First up, PNG's Supreme Court has ruled Australia's detention of #asylumseekers on #ManusIsland is illegal #TheDrumhttps://t.co/QAFMHeAe0D
— ABC The Drum (@ABCthedrum) April 26, 2016
This is huge news to those who oppose Australia’s strict asylum seeker policy (half of the people detained on Manus Island were found to be refugees) particularly as Papua New Guinea’s Supreme Court has ordered that the Australian and Papua New Guinean governments must begin dismantling the process immediately.
It’s hard to know how these governments will actually do this and what these arrangements will turn out to be.
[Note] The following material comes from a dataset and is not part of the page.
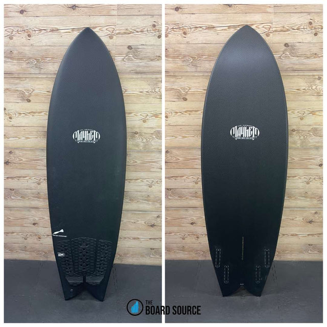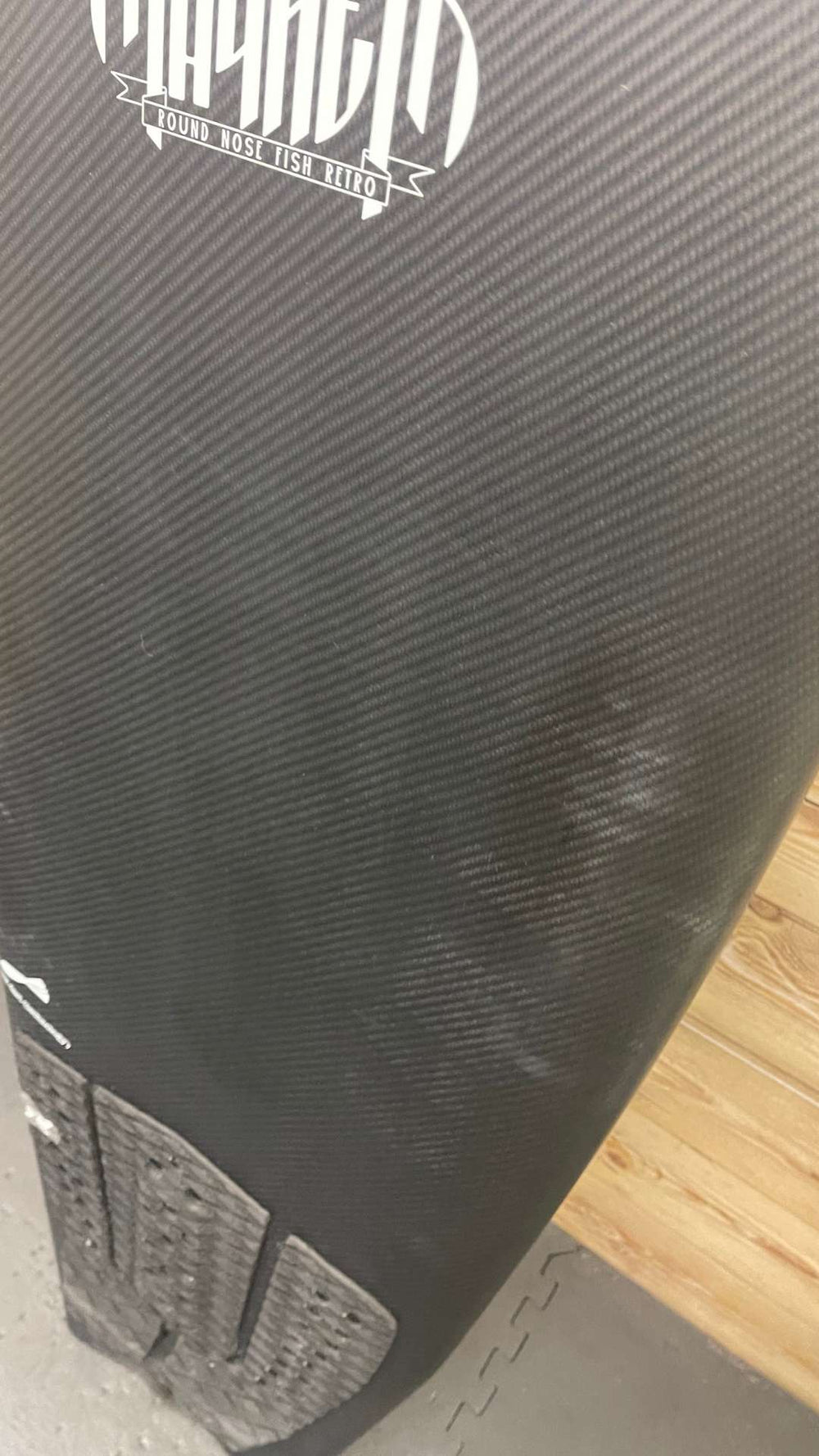 Condition: Excellent condition, lightly ridden with some mild deck pressures - a couple of small cosmetic scuffs/scratches to the finish that show up agains the black carbon color. One tiny under-the glass shatter on the rail

Recently the operators of the detention centre have attempted to move some refugees into a ‘transit centre’ (Fairfax says that only 74 were offered this move, and only eight of more than 1000 asylum seekers have been resettled in PNG). Some refugees are allowed to leave the centre “under certain conditions” but even then they must be driven out by bus, because the detention centre is in the middle of a naval base. In short: the process of moving people out of detention centres has been very muddled and contingent on shifting bureaucracy up until this point.
Those with unsuccessful applications for asylum are told that they must go back to their country of origin. Last month the Prime Minister of Papua New Guinea said of Manus Island: “we cannot hold the refugees there forever”. The Supreme Court’s decision proposes that detaining both refugees and asylum seekers is illegal, due to the restrictions on their movements.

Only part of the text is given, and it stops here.